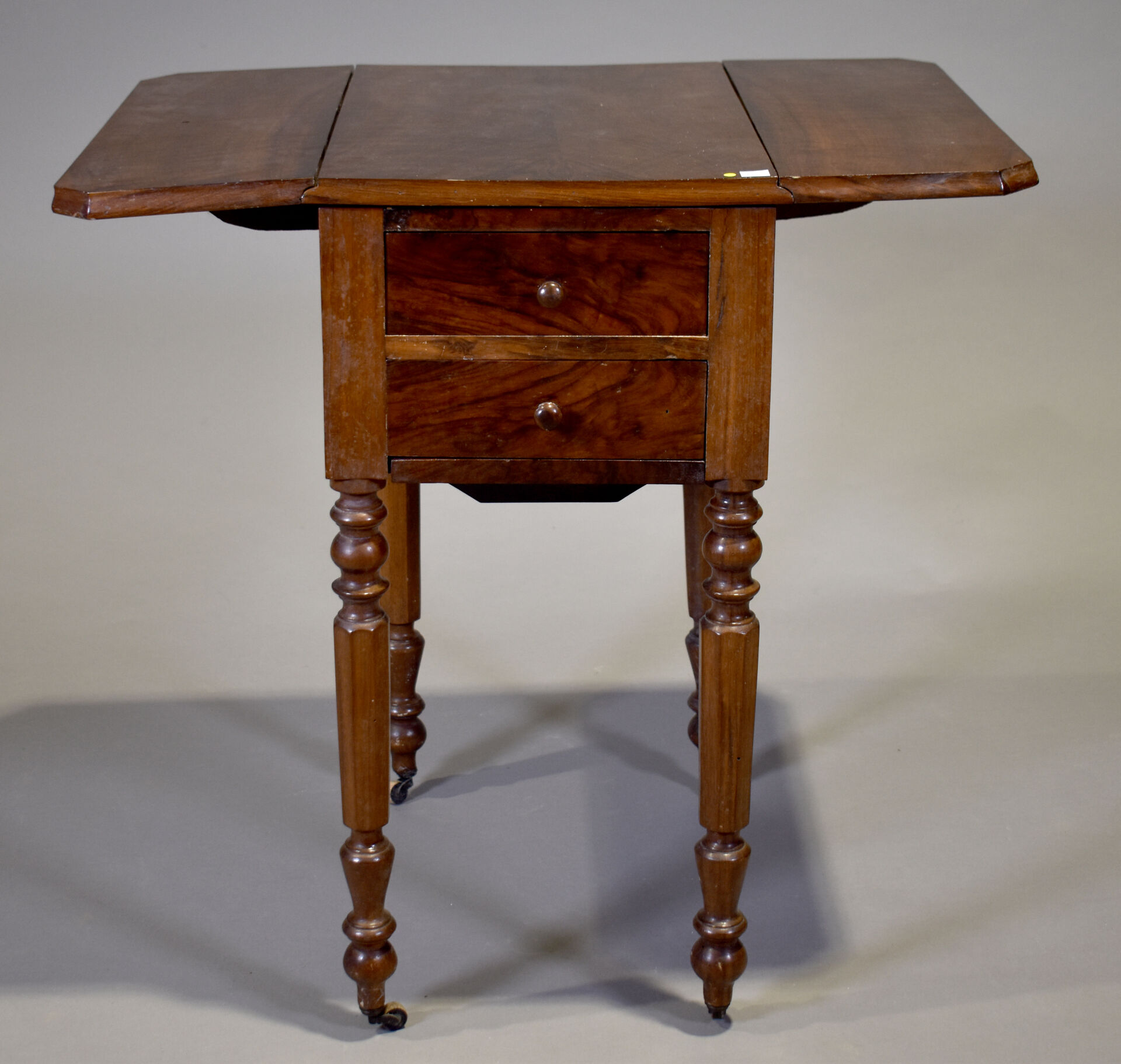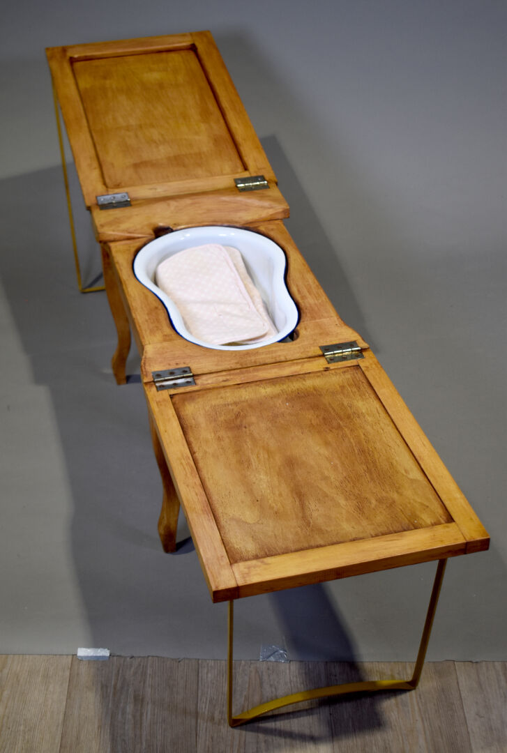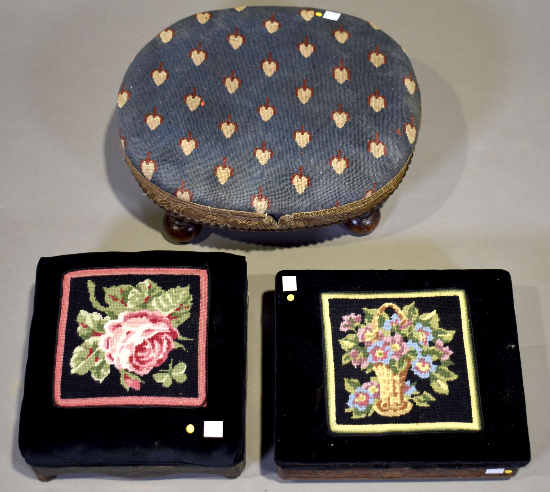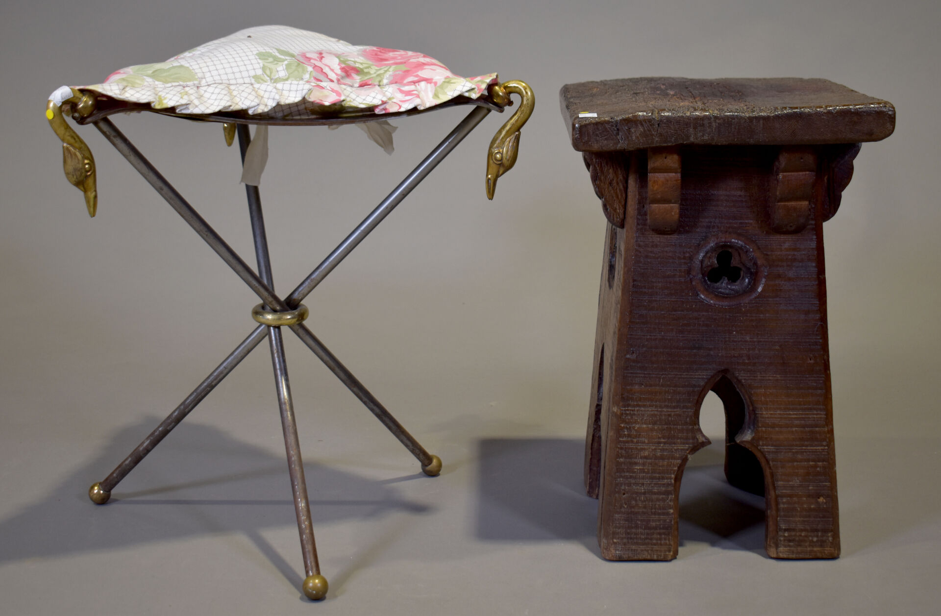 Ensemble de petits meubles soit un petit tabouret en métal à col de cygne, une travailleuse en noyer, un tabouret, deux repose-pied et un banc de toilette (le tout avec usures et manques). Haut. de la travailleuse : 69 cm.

◇ ◇ ◇ ◇

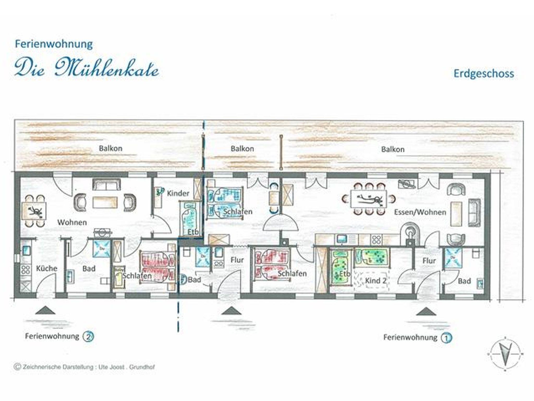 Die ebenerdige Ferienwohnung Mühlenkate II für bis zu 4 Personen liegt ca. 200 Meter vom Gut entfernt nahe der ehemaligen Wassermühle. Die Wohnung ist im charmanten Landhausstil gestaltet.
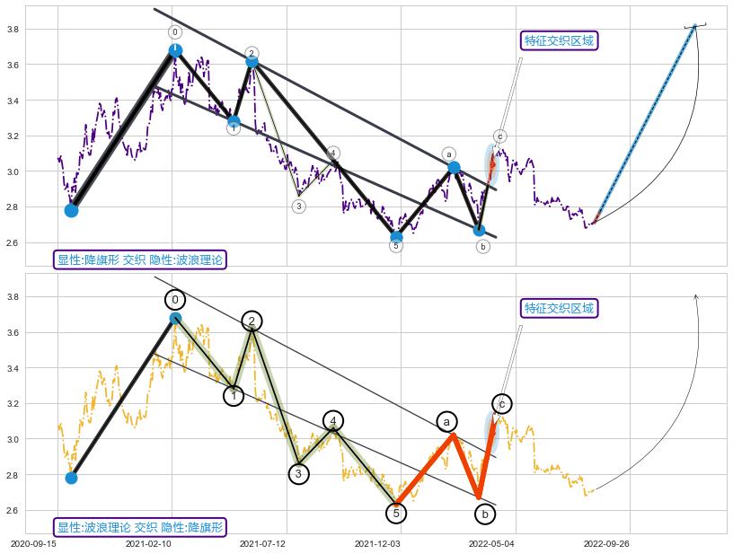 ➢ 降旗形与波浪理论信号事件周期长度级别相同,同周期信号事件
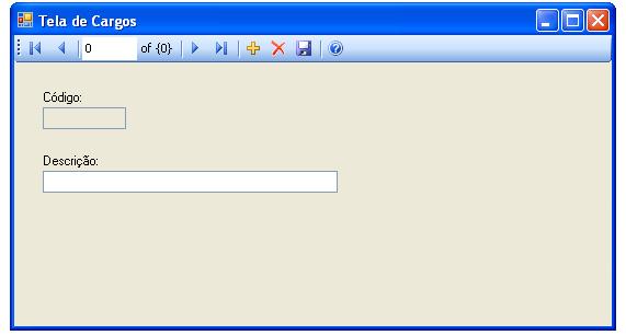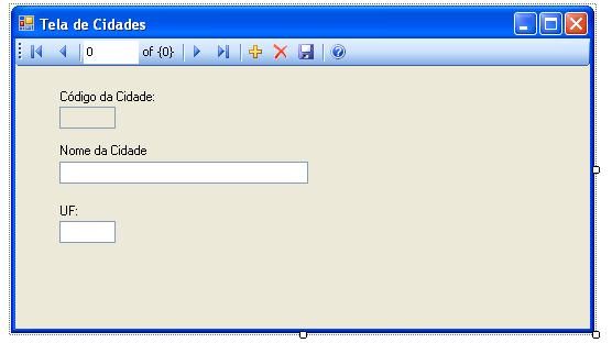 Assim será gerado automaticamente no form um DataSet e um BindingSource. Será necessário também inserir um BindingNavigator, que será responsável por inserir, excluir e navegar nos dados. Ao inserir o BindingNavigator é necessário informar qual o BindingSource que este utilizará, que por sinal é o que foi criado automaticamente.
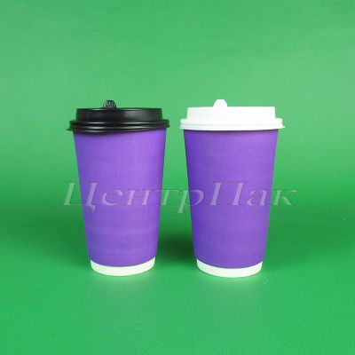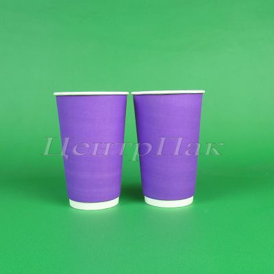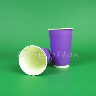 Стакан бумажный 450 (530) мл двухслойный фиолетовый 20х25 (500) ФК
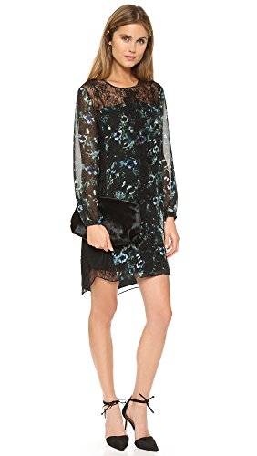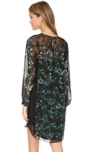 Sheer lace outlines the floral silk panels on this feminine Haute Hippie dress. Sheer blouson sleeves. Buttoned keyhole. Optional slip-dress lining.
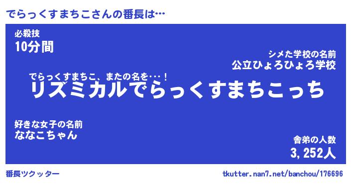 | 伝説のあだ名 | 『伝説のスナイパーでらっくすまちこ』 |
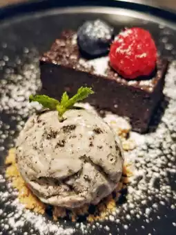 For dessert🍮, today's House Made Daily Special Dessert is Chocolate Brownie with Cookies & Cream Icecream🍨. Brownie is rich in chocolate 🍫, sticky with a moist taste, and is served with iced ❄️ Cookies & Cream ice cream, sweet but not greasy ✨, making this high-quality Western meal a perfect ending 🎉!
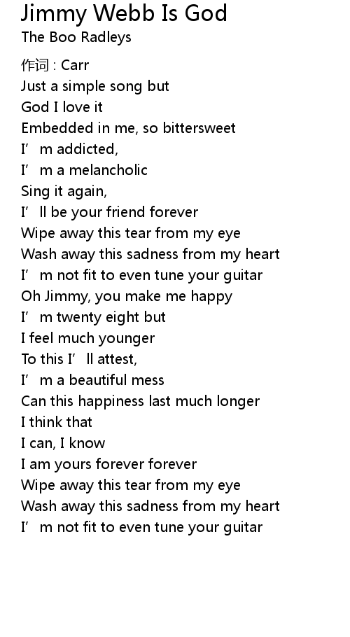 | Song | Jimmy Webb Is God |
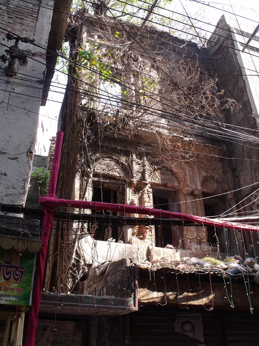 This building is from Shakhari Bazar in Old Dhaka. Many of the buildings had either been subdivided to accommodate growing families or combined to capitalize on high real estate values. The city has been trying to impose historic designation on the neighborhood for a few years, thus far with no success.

◇ ◇ ◇ ◇

▶ _Exercise aim_: Above are the records. Copy word for word only their lines from the one holding "Стакан бумажный 450" through the one holding "伝説のあだ名 | 『伝説のスナイパーでらっくすまちこ』 |", both included, and skip the images.

▶ _Answer to the problem_:
 Стакан бумажный 450 (530) мл двухслойный фиолетовый 20х25 (500) ФК
 Sheer lace outlines the floral silk panels on this feminine Haute Hippie dress. Sheer blouson sleeves. Buttoned keyhole. Optional slip-dress lining.
 | 伝説のあだ名 | 『伝説のスナイパーでらっくすまちこ』 |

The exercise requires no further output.